With the techniques mentioned on Stack Overflow, you could do it like this: (not tested)
size_t difference_avx2(size_t n, const char a[n], const char b[n]) {
size_t i;
__m256i count = _mm256_setzero_si256();
for (i = 0; (i + 4095) < n; i += 4096) {
__m256i inner_count = _mm256_setzero_si256();
for (size_t j = 0; j < 4096; j += 32) {
__m256i A = _mm256_loadu_si256((__m256i*)&a[i + j]);
__m256i B = _mm256_loadu_si256((__m256i*)&b[i + j]);
__m256i comparemask = _mm256_cmpeq_epi8(A, B);
inner_count = _mm256_sub_epi8(inner_count, comparemask);
}
count = _mm256_add_epi64(count, _mm256_sad_epu8(inner_count, _mm256_setzero_si256()));
}
for (; (i + 31) < n; i += 32) {
__m256i A = _mm256_loadu_si256((__m256i*)&a[i]);
__m256i B = _mm256_loadu_si256((__m256i*)&b[i]);
__m256i comparemask = _mm256_abs_epi8(_mm256_cmpeq_epi8(A, B));
count = _mm256_add_epi64(count, _mm256_sad_epu8(comparemask, _mm256_setzero_si256()));
}
size_t count_scalar = _mm256_extract_epi64(count, 0) +
_mm256_extract_epi64(count, 1) +
_mm256_extract_epi64(count, 2) +
_mm256_extract_epi64(count, 3);
for (; i < n; i++) {
count_scalar += a[i] == b[i];
}
return n - count_scalar;
}
The key trick is creating an extra inner loop, which runs 128 times (we could go up to 255 but it's such a non-round number.. but do it if you want). In that loop, we are free to subtract (or add) the boolean results as bytes, which prevents the 8x expansion factor that converting them to 64-bit numbers entails, and everything that comes along with it (the extra vpmovzx's and so on).

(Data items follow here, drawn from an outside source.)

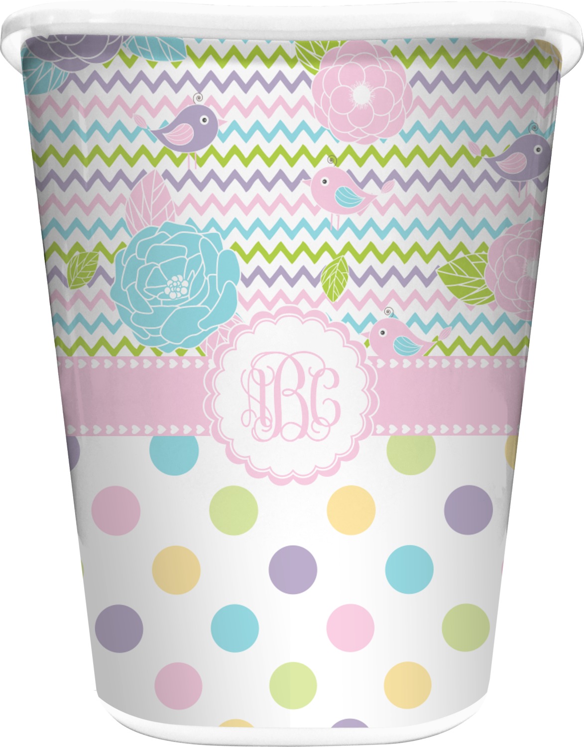 Looking for a classic girly girl design? You found it! It has everything that should please the girly girl. It has chevron, polka dots, flowers & birds along with an interlocking monogram and all done up in gorgeous pastel colors.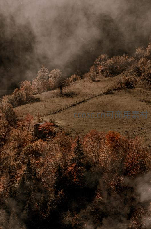 暖色调的秋日山坡被轻柔雾气环绕,枯黄树叶点缀其间,一座小屋静卧草坡之上,尽显田园诗意与寂寥之美。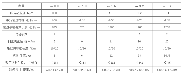 钢丝绳手扳葫芦又名钢丝绳牵引机,一种新型、高效、安全、耐用的起重机械产品,具有起重、牵引、张紧三大功能,整机结构设计合理,安全系数高,使用寿命长,主要额定起重量为800公斤、1600公斤、3200公斤,特别适用于野外无动力源状况下使用。 备注:上海沪工起重产品严格按国家3包执行,产品质量由中国人民保险公司(PICC)承保,请放心使用。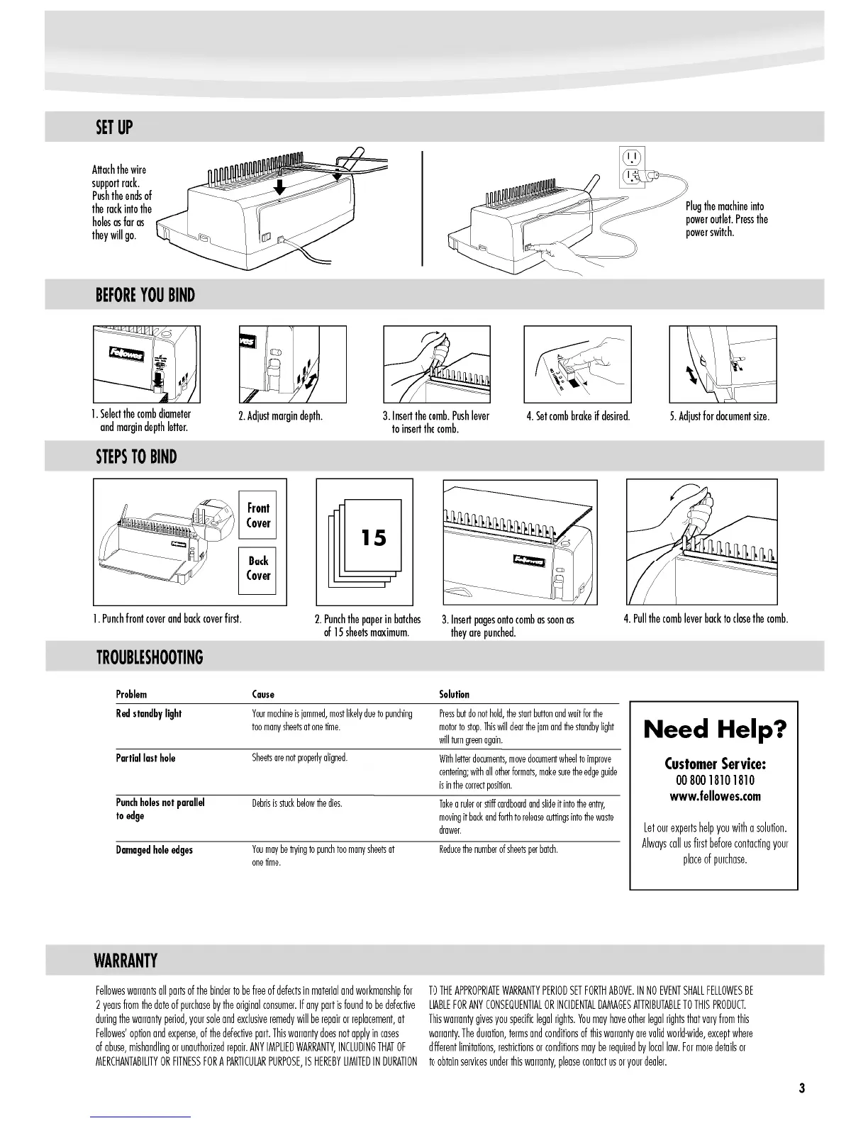 Fellowes PB 250E - Setup and Operation; Setup Guide; Binding Preparation; Binding Process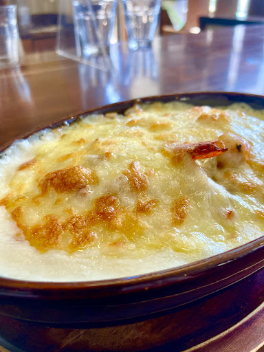 そしてシーフードドリアです♡ ご覧の通り熱々〜〜 グツグツと言う美味しいサウンドを聴きながら、 スプーンを入れると、 なんと!シーフード焼きめしの上に、 たっぷりのチーズがのってます☆彡 このシーフードドリアが、 アサリにイカにエビがゴロゴロ入って、 凄い具沢山なんです♡♡ 熱々を頬張り、 何とも深みのある焼きめしで、 丁寧なシーフードドリアです❤️ めちゃくちゃ美味しいんです♡♡♡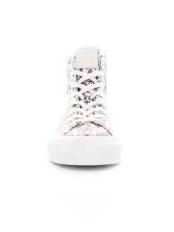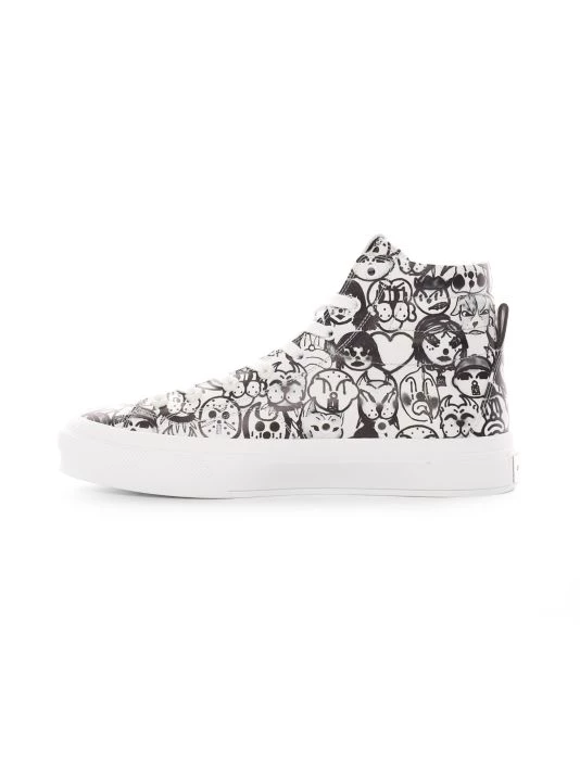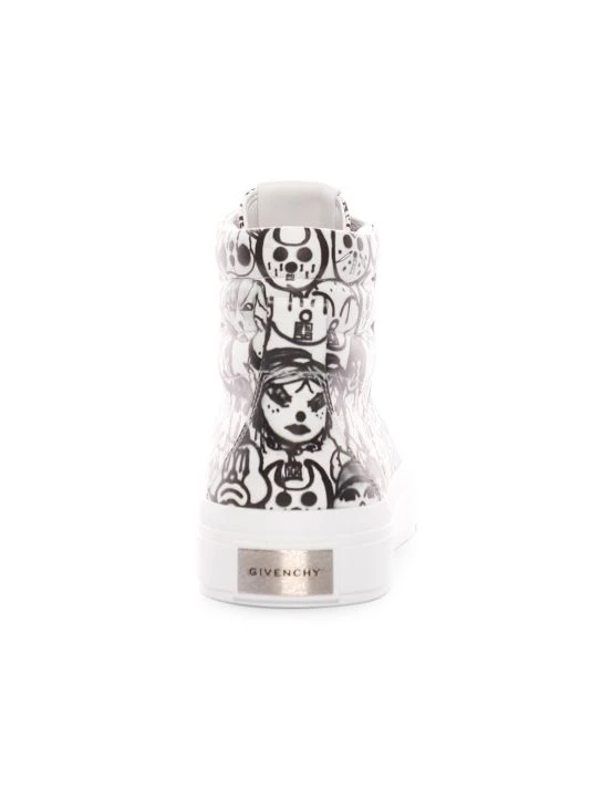 Italian leather high-top sneaker dressed in allover graphic motif is finished with Givenchy’s logo plaque at the sole.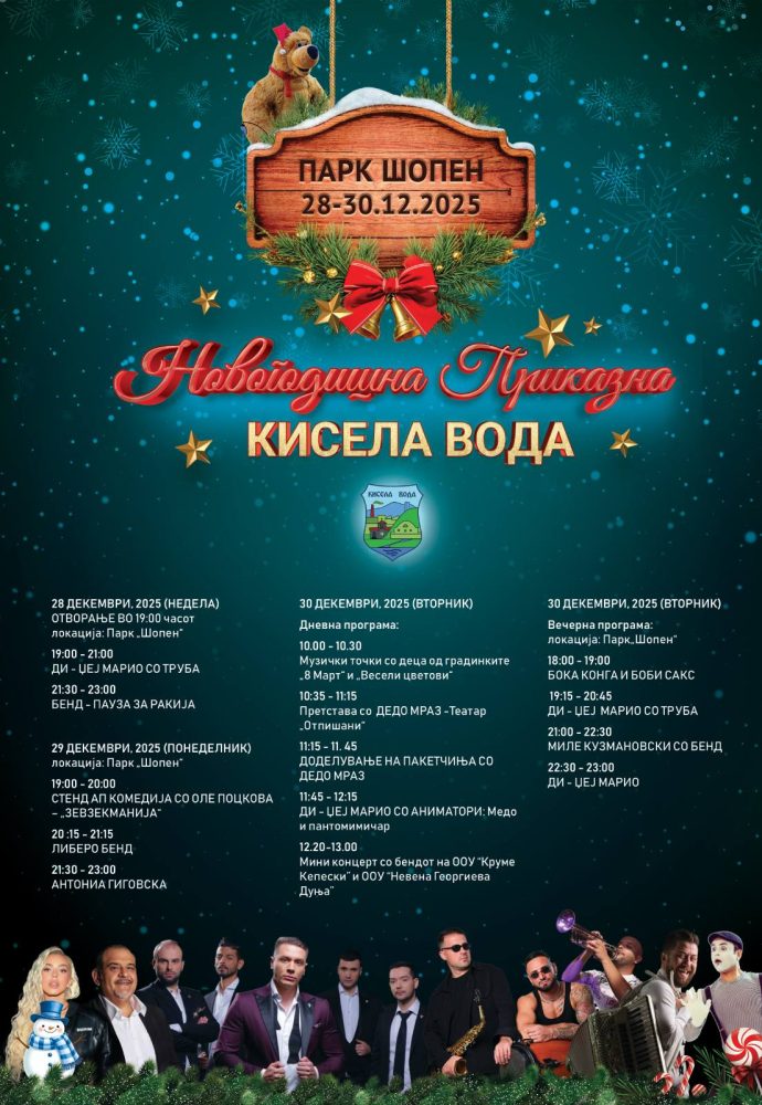 Во недела, 28 декември, во паркот „Шопен“, од 19 часот, ќе започне тридневната „Новогодишна приказна“ во општина Кисела Вода. Граѓаните се поканети да уживаат во богата програма со настапи на македонски изведувачи, наменета за сите генерации.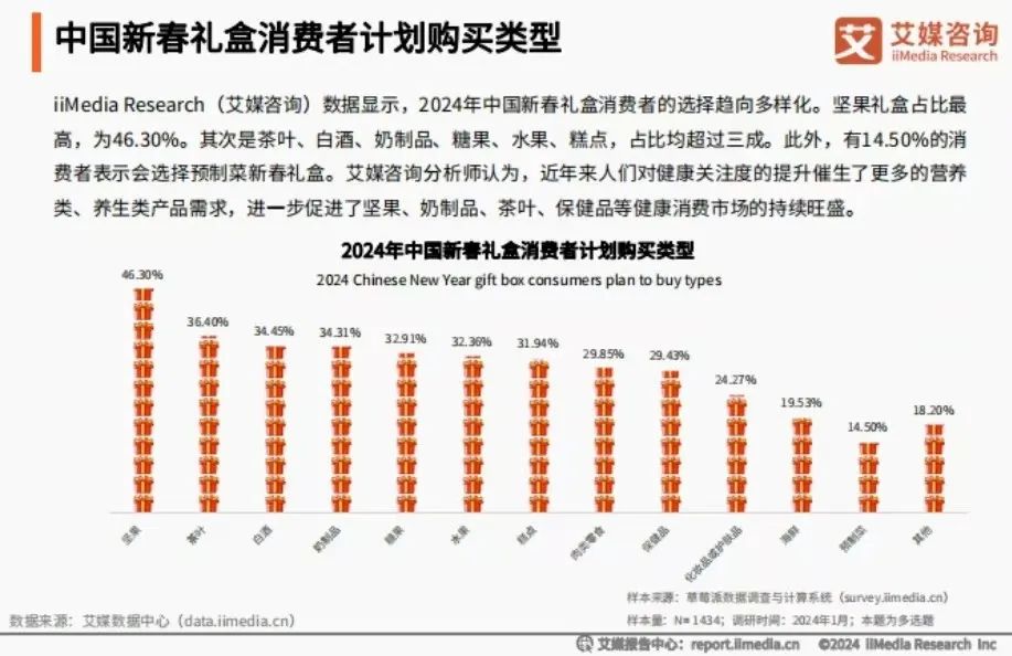 南北新年,就没有坚果治不好的“众口难调”。据艾媒咨询发布的《2024年中国新春礼盒消费者行为洞察报告》显示,坚果产品位居2024年中国新春礼盒消费者计划购买类型第一名,占比高达46.3%。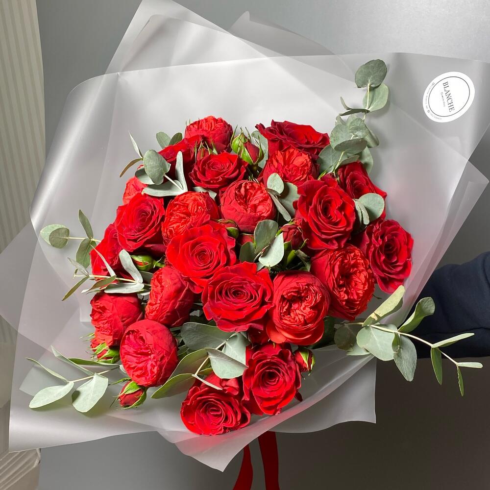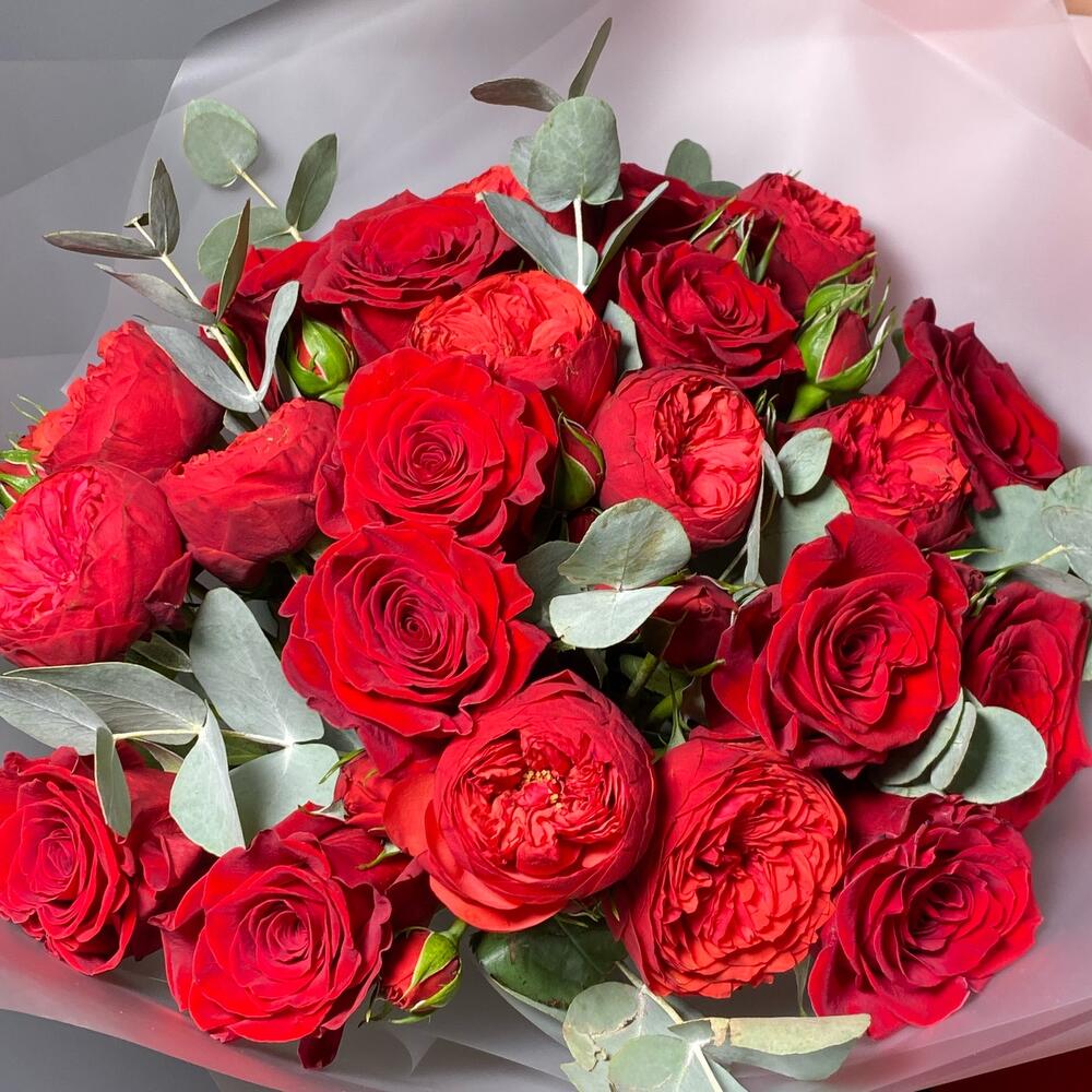 Эвкалипт – 5 шт.Роза Freedom – 12 шт.Фирменная упаковка – 1 шт.Роза red piano – 10 шт.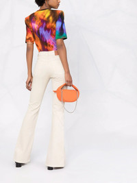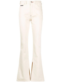 high-waisted flared jeans beige twist cotton high-waisted belt loops front button and zip fastening classic five pockets logo patch to the rear flared hem slit hem Imported Composition Lining: Cotton 100% Outer: Cotton 100% SIZE & FIT Model measurements Height 5 ft 11 in(1.8 m) Bust/Chest 31.49 in(80 cm) Hips 35.82 in(91 cm) Waist 24.8 in(63 cm) FittingInformation This piece fits true to size. We recommend you get your regular size Designed to be fitted at the waist and through the thigh, loose from the knee Made with a mid-weight non-stretch fabric Washing instructions Dry Clean Only

The _mm256_sad_epu8 trick to horizontally add groups of 8 bytes is just a bonus really, it doesn't get executed all that often.
Is it fast? quick-bench says yes. Unfortunately the disassembly of the AVX2 version broke, but I'm inclined to believe the result: it should be about 8x as fast as what Clang was doing itself, because we don't have the 8x expansion factor. That's a bit simplistic and frankly optimistic, but still, this result does not imply that the benchmark is broken, it really could be that much faster.
If you cannot use AVX2, you should be easily able to cut this down into an SSSE3 version with 128-bit vectors.